Mercer Wealth, which globally has $160 billion in AUM, plans to boost its AUM in the region to $2-$3bn in the next 2-3 years from the present $1bn, said Yasir AbuShaban, a Dubai-based principal with Mercer Wealth.
“Within the next two to three years, we are looking at reaching $2 to $3 billion as a conservative estimate and we do see an opportunity to do so,” said Mr AbuShaban.
Mercer does not directly make investments, but allocates clients’ money they have discretion to, to professional asset managers. They also provide advice to clients.
“We have buying power. We can negotiate on their (client’s) behalf with asset managers to provide them lower fees than they otherwise would have to get on their own,” he added.
Mercer Wealth’s clients include sovereign wealth funds, family offices, and insurance companies among others.
From its office in Dubai, Mercer also looks after Africa, India and Turkey, where they also see opportunity for growth.

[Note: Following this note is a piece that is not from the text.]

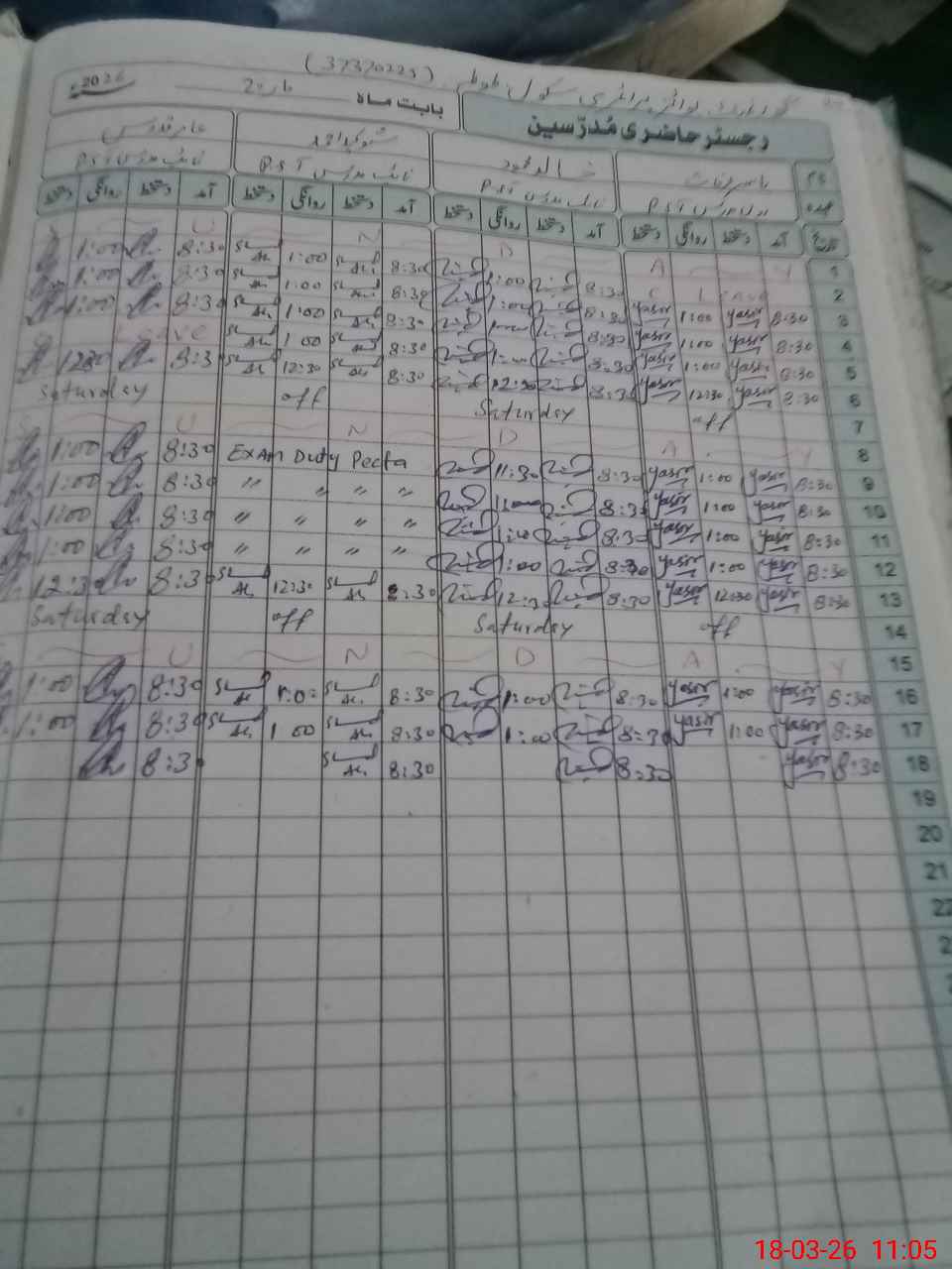 | Leave | Duty | Absent | Maternity | Medical | Ex- Pak |

Wealth creation in Middle East and Africa (MEA) grew 8.5 per cent to $8.1 trillion last year from $7.5tn in 2015, higher than last year’s global average of 6 per cent and the second-highest growth in a region after Asia-Pacific which grew 9.9 per cent, according to consultancy Boston Consulting Group (BCG). In the region, where wealth grew just 1.9 per cent in 2015 compared with 2014, a pickup in oil prices has helped in wealth generation.

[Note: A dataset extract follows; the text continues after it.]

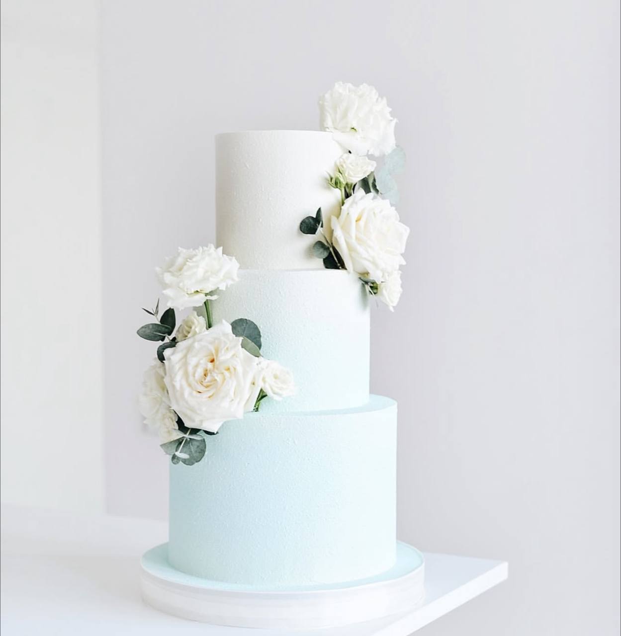 Этот многоярусный торт выполнен в пастельных тонах и украшен нежными цветами. Он символизирует чистоту и гармонию отношений молодожёнов.

BCG is forecasting MEA wealth will rise to $12tn by 2021, growing at an annual average of 8 per cent.
Drivers of wealth generation in the region will be split evenly between new wealth creation and growth of performance of existing assets, according to BCG.
Another general trend in the region is clients’ looking for a comprehensive approach to investing, according to Mr AbuShaban.
“Institutional investors or some of the families are seeing a slowdown in the available capital they have to invest and in that sense they are looking at optimizing the way they manage their portfolios and making sure they are not investing haphazardly and different parts of their investment are working together,” said Mr AbuShaban.
Some clients also have a higher appetite for risk, given the low interest-rate environment that does not provide enough yield for some institutional investors. These clients are keen to invest in illiquid assets, such as private equity and infrastructure.
“What we have seen is a desire for higher returns in what has been a low-return environment specifically in various fixed income or bonds,” he said.
“In this environment, we have seen a de facto increase in the risk that clients are taking in things like illiquid investments, private equity investments, infrastructure and private debt, those kind of investments were higher illiquidity results in incrementally higher returns.”
The Abu Dhabi Investment Authority, one of the largest sovereign wealth funds, said in its 2016 report that has gradually increased its exposure in direct private equity and private credit transactions, mainly in Asian markets and especially in China and India. The authority’s private equity department focused on structured equities owing to “their defensive characteristics.”